I decided not to think about “then” until we got there.

For now I’ll let the cold fear crawl out of my arm hair. And I’ll smile with my heart. Then she’ll know I have good intentions.

And maybe “then” will turn into a love story.

But when I turned around she was gone.

More fear rubbed my shoulders. I walked backwards to find her. Would she slap me? Or marry me?

I unclenched my jaw. Always give yourself permission to be scared later. Just not right now.

I spoke to Kevin Kelly. He’s the founding editor of Wired magazine and author of the #1 New York Times bestseller, “The Inevitable: Understanding the 12 Technological Forces That Will Shape Our Future.”

He’s a futurist. There are only a few people I trust with predictions about the future. He’s one of them.

“Tracking is coming. AI is coming. Robots are coming,” he says on today’s podcast.

The future is here.

“We can mold it to make it work for us, but we’re not going to be able to stop it, or be afraid of it, or be scared of it.”

On today’s podcast, he tells you what to expect. He reveals “the inevitable.”

And what to do about it now.

This episode is not just about what we “know” is coming in the future. It answers the one question we’ll never stop asking: “Then what?”

It’s the question that makes us panic until we find where we’re going. Or the right woman. We look around, worried, unable to see the small joys. Two men sharing photos of their families. A woman leaning forward to hear her friend better. She’s not alone. The trees shake and I’m breathing.

Then what?

More life. We trip someone by accident, make a small joke, they don’t laugh and then the stock market crashes.

When I found the woman who found the playground she said, “Thank you so much! I saw it out of the corner of my eye.”

I thought it was inevitable.

I thought I’d end up running to get away from misleading her. But her smile proved me wrong.

The inevitable is unpredictable. The myths of the future lead to the regrets of today.

We don’t know what will be successful or who will come up with the right ideas to accompany these new innovations.

But we can learn how to adapt. And where to experiment.

Keep reading to learn Kevin Kelly’s prediction on who will benefit and profit in the future. It could be you. But only if you follow this one rule.

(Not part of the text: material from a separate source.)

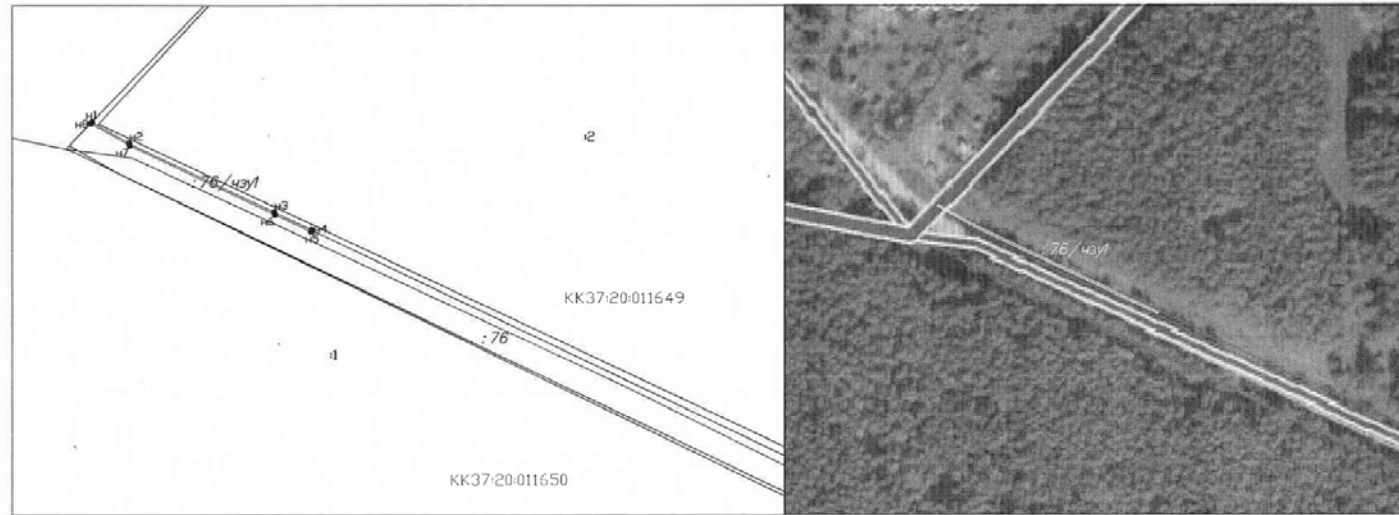
Графическое описание местоположения границ публичного сервитута, устанавливаемого в целях прокладки и эксплуатации ВЛ-10кВ от опоры №97 ВЛ-10кВ №139 Очистные сооружения

Условные обозначения: - границы ранее отведенного земельного участка; - граница устанавливаемого земельного участка; - граница зон с особыми условиями использования территорий; - граница кадастрового квартала.

Or listen to my interview with Kevin Kelly to hear 5 ways to be on the right side of the future and:

    • Kevin Kelly’s techniques to predicting the future – [4:39]
    • How to discover where there’s “a need” for innovation [16:16]
    • Kevin Kelly’s predictions for 100 years from now… and 1,000 years from now [26:08]
    • Learn how to create a business built around the latest innovations [47:00]
    • Find out the next biggest platform [52:50]
    • “One of the most valuable things you could do today…” [1:02:43]
    • Plus my latest advice for getting 7 streams of income (click here to get a sneak peak)   [1:05:05]

“Embrace the future”

I’ve mistakenly thought love was about getting someone else to see the world how you see it.

I’ve mistakenly thought a lot of things.

And with each mistake, I find something new. Some unresearched, inner dwelling of wisdom I didn’t know was there.

In hindsight, every Uber is a missed investment and every Shark Tank idea is something you should’ve thought of.

Then you’d be a billionaire.

I don’t have to manipulate love. Or the future. I only need to hold space for the person I love or the moment I’m in to be themselves.

There’s one rule Kevin Kelly leaves us with in our interview. And it’s wandered through me ever since we spoke a few months ago.

“Embrace things rather than try and fight them. Work with things rather than try and run from them or prohibit them,” he said.

“It’s by use [that] we figure out what things are good for. Edison, who invented the phonograph, had no idea what a phonograph was going to be good for. He made a list of ideas, and his first idea was that it would be used to record the last words of the dead. That was his first idea.”

The desired outcome didn’t happen. Edison’s invention became something other than his original idea. But he embraced that, too.

Maybe, if I embrace what I could never see coming…

Then I won’t mistakenly give to receive, work to get rich, or hold a door to hear “thank you.”

I’ll embrace everything.

Including the space between today and tomorrow.